Томас вернулся в комнату, помешал угли в камине и сел в кресло напротив Элис. Его ступни были голыми, бледными, высокими в подъеме; левый мизинец рос криво, по-видимому, после перелома. Вид его голых ног создавал неуютно интимную атмосферу, и Элис остро ощущала каждую перемену, которая происходила в ее теле под тонкой тканью его футболки. Восемь лет они не видели друг друга. Как мало теперь значила их разница в возрасте.

– В той комнате фарфоровая фигурка.

Томас опять перемешал угли:

– Я забыл, что оставил ее там.

– Это твоя? Она не похожа на вещь, которая могла бы принадлежать тебе.

– Ты меня настолько хорошо знаешь? – Томас улыбнулся ей. – Она может стать твоей, если хочешь. Бери.

– Почему у меня такое чувство, что ты не имеешь права ее дарить?
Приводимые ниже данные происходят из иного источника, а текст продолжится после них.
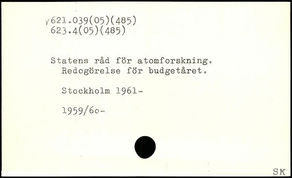 Statens råd för atomforskning, Redogörelse för budgetåret o

– Вижу, проницательность тебе не изменяет. Пожалуй, ты права. Формально у меня нет права ее дарить. Я ее украл.

– Я тебе не верю.

– А следовало бы. Я взял ее у матери. Это была вещь, которой она дорожила, подарок очень близкой подруги, и, думается, довольно ценный. Ты когда-нибудь слышала о Дороти Доути?

Элис покачала головой.

– Она умерла десять лет назад или около того. Она и ее сестра Фреда были соседками моей матери в Сиссингерсте[24]. Думаю, Фреда иногда присматривала за моей матерью, когда та была маленькой. Обе сестры занимались скульптурой – у них дома была собственная печь для обжига. Дороти, как ты, наверное, догадалась, была орнитологом и натуралистом. Ей нравилось делать модели птиц, которых она видела в своем саду. В конечном итоге они с Фредой оказались в «Ворчестерской Королевской фарфоровой компании» в качестве внештатных дизайнеров. Фреда делала скульптурки маленьких детей, но Дороти занималась только птицами, и у нее отлично получалось. Та, что в комнате, была опытным образцом. Дороти подарила ее моей матери в год, когда я родился.

– Зачем ты ее забрал?

Томас пожал плечами:

– Хотел сделать ей больно.

– Ты сознательно пошел на жестокость?

– Тебя это удивляет?

Он встал, подошел к бару и щедро плеснул себе еще бренди. Потом наклонил графин в сторону Элис, но ее стакан был по-прежнему полон, и она покачала головой.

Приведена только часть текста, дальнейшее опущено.